Strange positions to find myself in, Number 94 - slack-jawed with disappointment when Wayne Rooney scored last night's winner against AC Milan. The reason was that I had invested my UFC winnings in a lucrative wager which would've paid out 18/1 had Milan been winning at half time and then the game ended in a draw. This was looking certain until the 91st minute. It taught me a useful lesson about eggs, chickens, baskets and not wagering against ones own team.

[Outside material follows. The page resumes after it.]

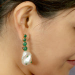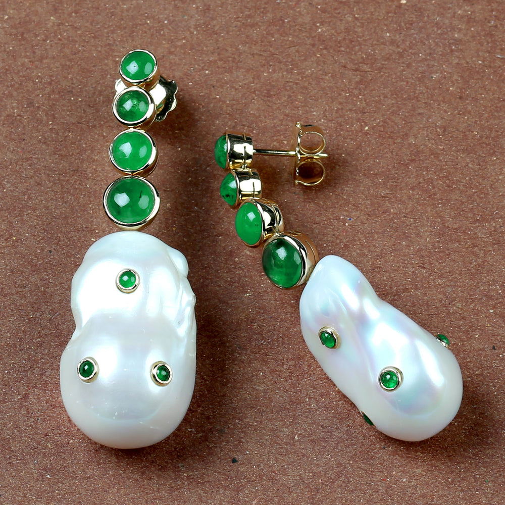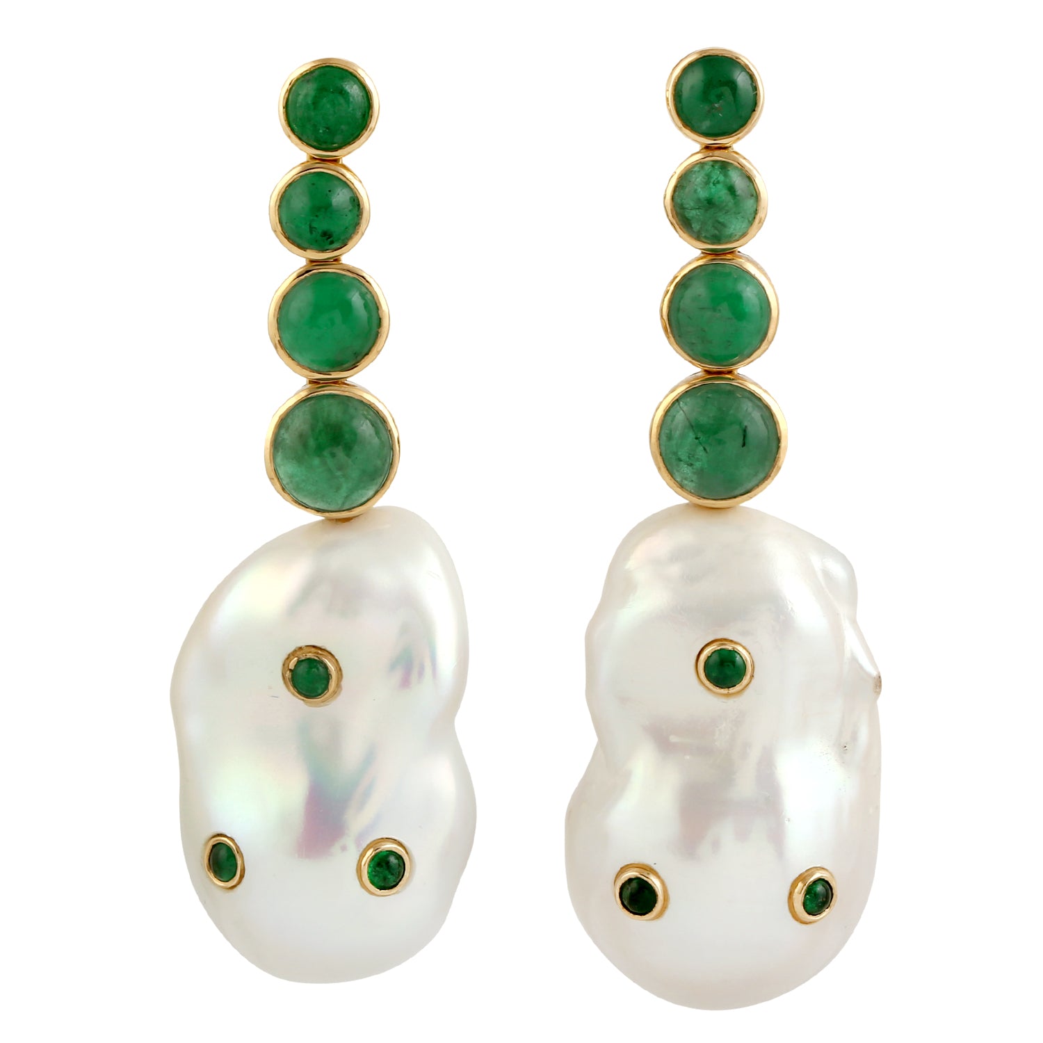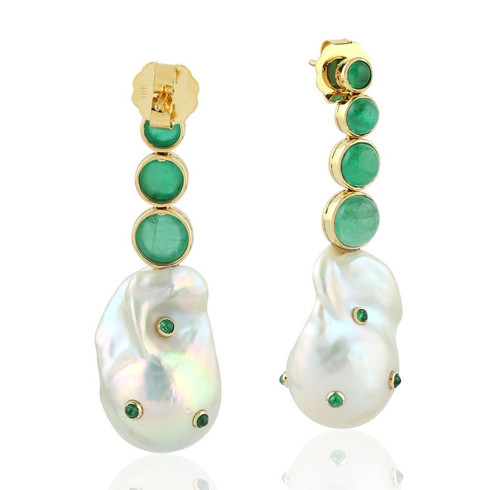 Unshaped Pearl Bezel Emerald Drop/Dangle In Yellow Gold Handmade Jewelry

In happier news I finally have my new car. People keep asking "how is it?" and I keep saying "she's fine". I mention this not to boast about my almost immediate ability to anthropomorphise inanimate objects, just to show that I can't get excited about cars. They are just means to ends. This is certainly a nicer means to an end but I can't enthuse about it in the same way I would, say, a V+ box or an iPod. I found an emergency kit in the boot while putting my shopping away this evening. It's a huge green faux-canvas thing and contains everything one could possibly want should the worst happen. Even a luminous vest. I might wear that anyway. I'm already using the red triangle to deter me from going in the freezer.

I did almost do something typical - I tried to put a CD in before I'd even switched the car on at the garage and it wouldn't go in. Then it wouldn't come out. I had to strain to pull it out manually or I would've recorded my first problem with 0 miles on the clock. Well, 18 actually but those don't count. They weren't mine.

I like the onboard computer - it tells me how many miles I've got left in my petrol tank, how many miles I'm doing per gallon, my average speed for the journey and various other statistical bits and pieces. One thing I can't make it do is display the clock on the display panel. It is only visible on the CD player panel. This won't do - it's off to one side. That is not good. I always need to be able to see, quickly, easily and safely, exactly how not-early I am at any given time.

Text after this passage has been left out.